町田市は4月1日より、陸上競技場の環境整備、スポーツ教室開催、浮世絵の購入にかかる費用の一部を寄付金でまかなう「ふるさと納税」をスタートする。
ふるさと納税の使い道をあらかじめ明示することで、その使い道に賛同した人の思いを事業に反映させる。寄付を募集する3事業は、町田市立陸上競技場への大型映像装置の設置、アスリートによる子どもスポーツ教室、町田市立国際版画美術館が所蔵していない喜多川歌麿の作品購入。寄付者にはオリジナル返礼品を贈呈する。

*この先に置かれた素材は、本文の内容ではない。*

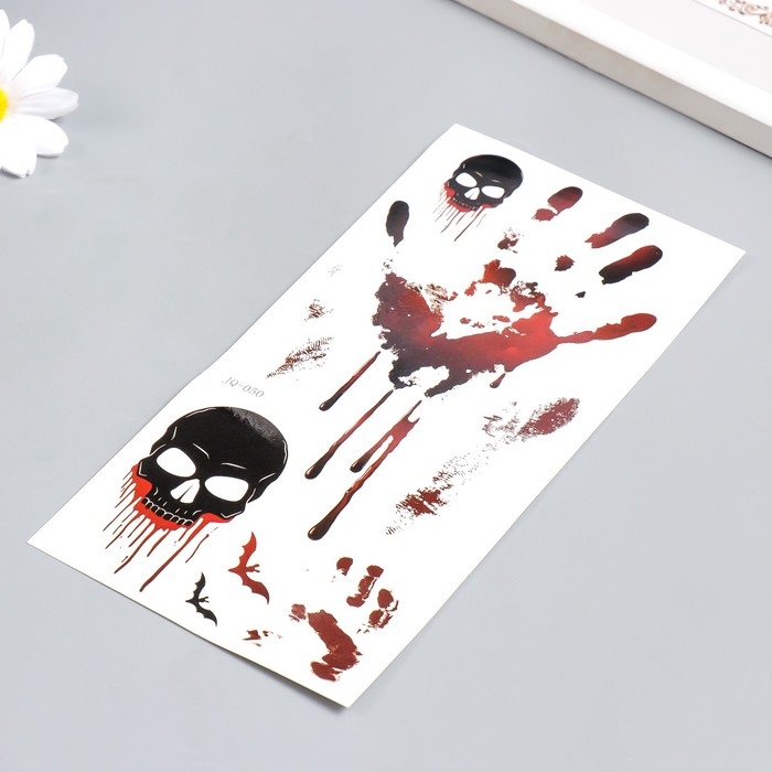 Татуировка на тело цветная "Черепа и следы" 10х21 см
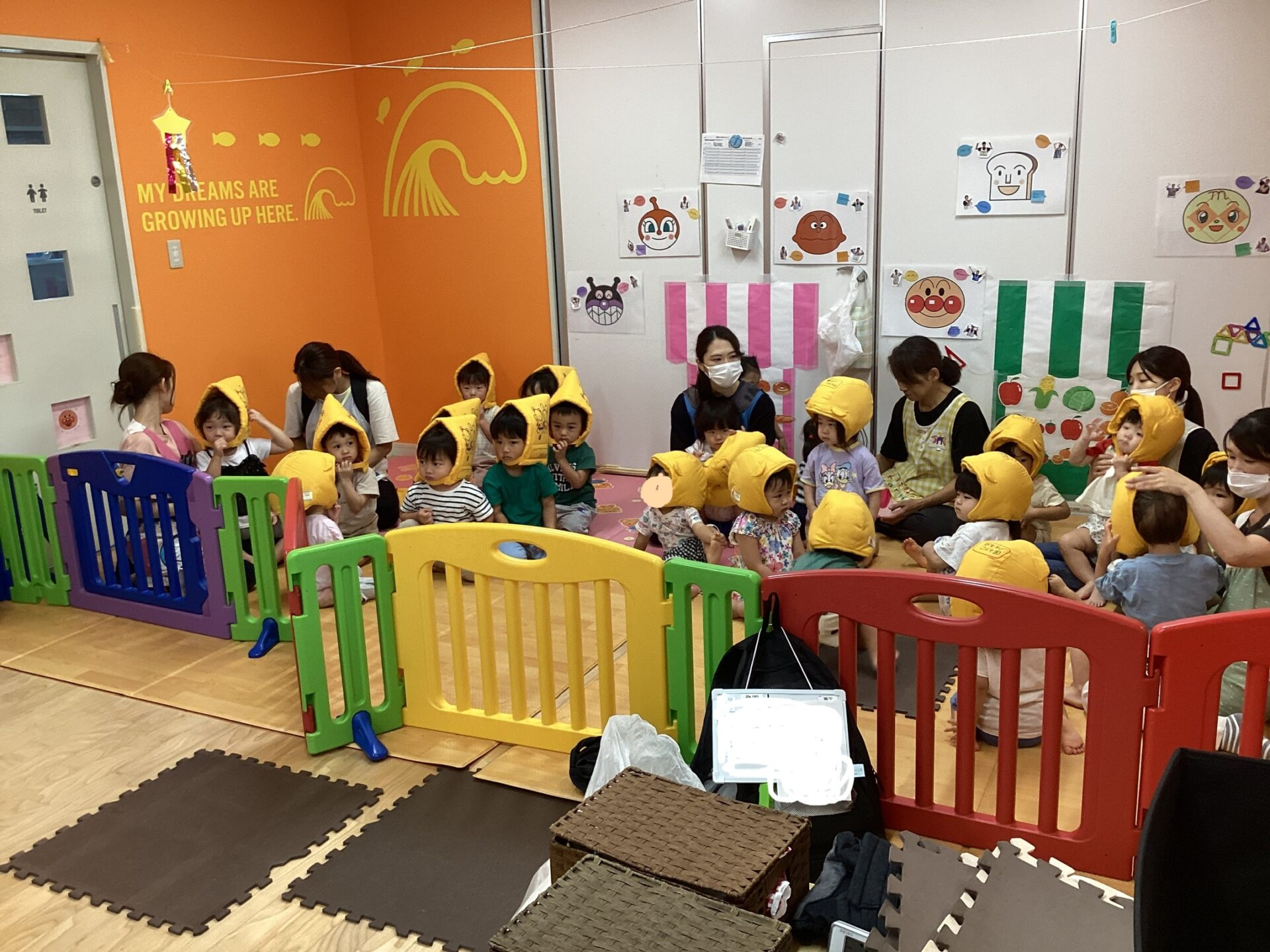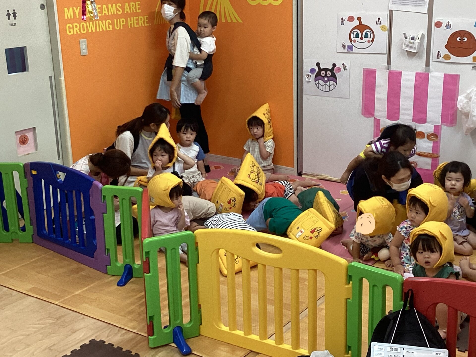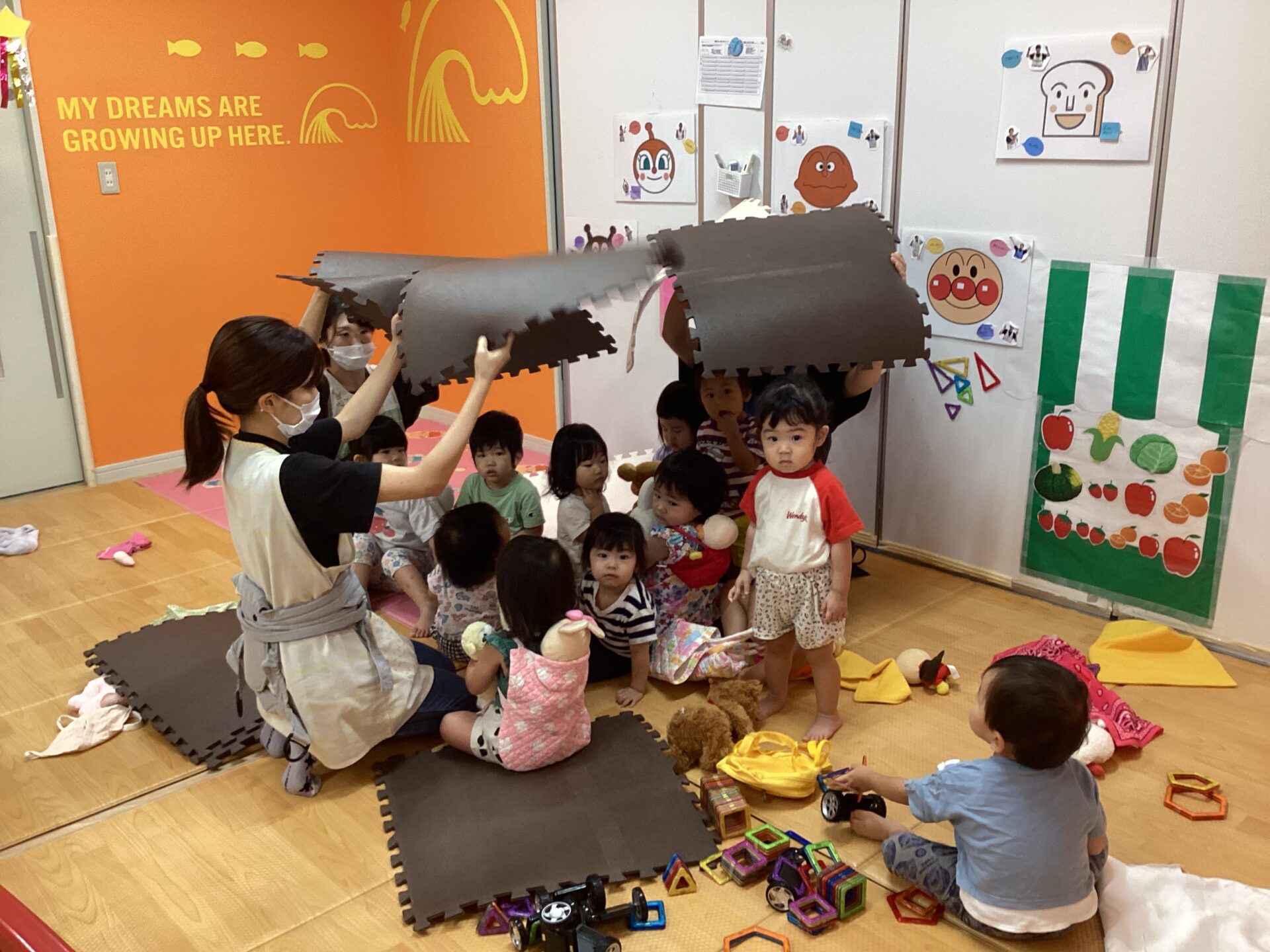 0、1歳児の子ども達は1カ所に集まり、保育士が頭上にマットを被せることで

市内のスポーツ競技団体と経済団体は、大型映像装置の設置を後押しする。Jリーグ公式戦の会場だけでなく、東京オリンピック・パラリンピックやラグビーワールドカップ日本大会のキャンプ地としての活用などを想定し、市民が「観る」「応援」することを身近に楽しめる環境整備を盛り上げていく考え。
市は、早ければ2018年春に大型映像装置を完成させる。工事費は5~6億円で、2,000万円を寄付でまかなう目論見。現在の大型映像装置は築30年を超え、老朽化が進むとともに単色電球で表示する電光掲示は機能面でも陳腐化している。
昨シーズンからFC町田ゼルビアのホームゲームで電光掲示板のデータを作成しているデザイナーの水谷慎吾さんは「電卓なみの表現力しかない」と話す。それでも156ピクセル×72ピクセルという低解像度の機能を最大限活用し、チームのロゴや選手のイラストを掲示するなど表現の幅を広げた。
「京都がフルカラー大型ビジョンを整備したため、J2クラブのホームスタジアムで電光掲示板をいまだに使っているのはおそらく町田だけ」と水谷さん。「新しくなれば、動画がメインとなり、表現方法は全く違うものになる」とも。
昨年度の市のふるさと納税は、寄付額が控除額を大きく下回る「赤字」。市外からの寄付金を集めることも重要だ。町田市体育協会の吉原修会長は「町田市の運動施設は多摩エリアで充実している。関係する団体を通じて寄付を呼びかけていきたい」と話す。